In fact it is rather nice to be here on the taxi rank with nothing to do apart from write to you and read a book about how I can die with dignity when my time comes, because I have had a day stuffed full of laundry and cooking and dusting and hoovering.

I was distracted briefly by Rosie whimpering. She cried and came to be a nuisance around my feet and cried a bit more.

She was in a dog fight yesterday which has left her with a small hole in her face, so I wondered if it was hurting. The dog fight was entirely her own fault. She met a collie dog in the park with a ball in its mouth. She tried to steal the ball, so it bit her.

I was consoling but not especially sympathetic.

I hauled her on to the sofa to inspect her injuries, which are exceedingly minor. She stopped crying then, and I realised that it had been because she wanted to be on the sofa with Roger, and not about her sore face at all, but she was there then so I had a look.

It looked a bit swollen and sticky, so I thought I would do a bit of amateur vetting, and put some TCP in some warm water to wash it.

In the end I had to summon Oliver for assistance.

I have never known a dog wriggle and yelp with quite such determined vigour.

She kept up a self-pitying squeak as we held her in a headlock and then held her nose still into the bargain, because even in a headlock she carried on contorting furiously from side to side, wagging as hard as she could.

In the end it was washed, and I put some Germolene on it.

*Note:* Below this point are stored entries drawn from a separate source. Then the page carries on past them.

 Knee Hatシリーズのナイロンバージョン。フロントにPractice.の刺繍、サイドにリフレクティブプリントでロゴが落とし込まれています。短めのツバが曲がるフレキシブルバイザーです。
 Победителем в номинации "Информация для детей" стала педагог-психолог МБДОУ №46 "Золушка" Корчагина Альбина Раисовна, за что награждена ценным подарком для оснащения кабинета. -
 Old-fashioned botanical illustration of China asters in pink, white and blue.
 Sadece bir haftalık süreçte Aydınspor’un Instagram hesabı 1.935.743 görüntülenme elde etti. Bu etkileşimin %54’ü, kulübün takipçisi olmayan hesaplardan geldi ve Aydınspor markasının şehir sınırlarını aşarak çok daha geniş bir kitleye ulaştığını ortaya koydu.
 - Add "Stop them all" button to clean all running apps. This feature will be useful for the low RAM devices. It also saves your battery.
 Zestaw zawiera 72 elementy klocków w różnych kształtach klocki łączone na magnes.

She was still wagging so much that I got Germolene absolutely everywhere, I hope it washes out of my skirt and Oliver’s dressing gown, but some went in the sore bit.

She retired grumpily, but forgot instantly at the offer of a bit of sausage, which sent her ecstatic with delight, if only all good spirits could be restored so easily.

Oliver has crossed Vet off his list of things that he wants to do when he grows up.

So have I.

Have a picture of our walk.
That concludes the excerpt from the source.